(What you have to do)
Here the job is to transcribe the data exactly while omitting the images.

(Stored data)
....

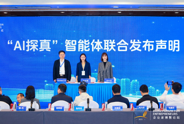 图为新华网中国互联网联合辟谣平台运营中心负责人屈绍辉(中)、中国科学技术大学北京研究院院长张勇东(左)、蚂蚁集团支付宝数字部委总经理赵丹丹(右)共同签署《“AI探真”智能体联合发布声明》
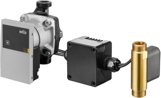 bestehend aus Elektronikbox mit Signal, Netzkabeln und Strömungsschalter, Hocheffizienzpumpe Wilo-Yonos PARA ST 15/7 130 PWM2 für den Primärkreis (Pufferspeicherkreis)
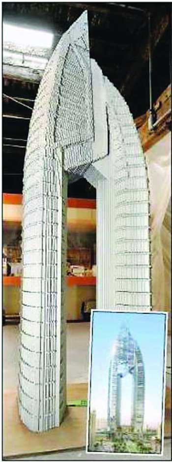 薩瓦亞此次是受迪拜塔的開(kāi)發(fā)商、阿聯(lián)酋納克希爾地產(chǎn)公司的委托,進(jìn)行這項(xiàng)藝術(shù)創(chuàng)作的。預(yù)計(jì)這一坐落于迪拜市棕櫚島上的世界最高建筑將超過(guò)七百米高,于二○○八年底竣工,明年九月正式對(duì)外開(kāi)放。

....

(Response to the exercise)
 图为新华网中国互联网联合辟谣平台运营中心负责人屈绍辉(中)、中国科学技术大学北京研究院院长张勇东(左)、蚂蚁集团支付宝数字部委总经理赵丹丹(右)共同签署《“AI探真”智能体联合发布声明》
 bestehend aus Elektronikbox mit Signal, Netzkabeln und Strömungsschalter, Hocheffizienzpumpe Wilo-Yonos PARA ST 15/7 130 PWM2 für den Primärkreis (Pufferspeicherkreis)
 薩瓦亞此次是受迪拜塔的開(kāi)發(fā)商、阿聯(lián)酋納克希爾地產(chǎn)公司的委托,進(jìn)行這項(xiàng)藝術(shù)創(chuàng)作的。預(yù)計(jì)這一坐落于迪拜市棕櫚島上的世界最高建筑將超過(guò)七百米高,于二○○八年底竣工,明年九月正式對(duì)外開(kāi)放。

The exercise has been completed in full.